Student Team: NO
D3.js (for creating interactive visualizations)
Python (for initial data preprocessing/reformatting)
Approximately how
many hours were spent working on this submission in total?
30 (?).
May we post your
submission in the Visual Analytics Benchmark Repository after VAST Challenge
2019 is complete? YES
Video
Questions
1 – Emergency responders will base their
initial response on the earthquake shake map. Use visual analytics to determine
how their response should change based on damage reports from citizens on the ground.
How would you prioritize neighborhoods for response? Which parts of the city are hardest
hit? Limit your response to 1000 words and 10 images.
This question refers to the ‘initial’ response: I interpret this as referring to the conditions on Wednesday morning.

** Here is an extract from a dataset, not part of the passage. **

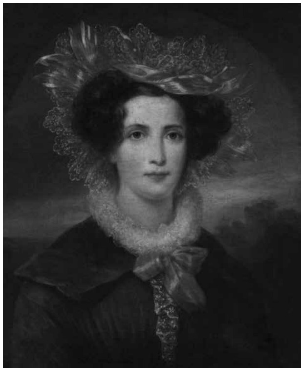
4. Neimenovani slikar prve polovine 19. stoljeća, Portret djevojke , ulje na platnu, 64,7 × 54,1 cm, Strossmayerova galerija starih majstora HAZU, inv. br. 38 / Unknown painter of the first half of the 19 th century, Portrait of a Girl , oil on canvas, 64.7 × 54.1 cm, Strossmayer Gallery of Old Masters, inv. n. 38

The earthquake shake maps suggest that the earthquake’s effects would be localized to the North East: the prequake shakemap suggests that the preshake would be felt only on the very northeastern coast, if at all, and the main quake shakemap suggests that a perceived shaking stronger than ‘moderate’ would be mostly confined to districts 3, 4, 7 and 12, with ‘light’ shaking in districts 2, 14, 18, 13, 11.
Comparing the shakemap to the reports, it appears that:

Neighborhood 11 reports more shaking (an average score of 3 on the map) than would be expected based on the shakemap (‘not felt’).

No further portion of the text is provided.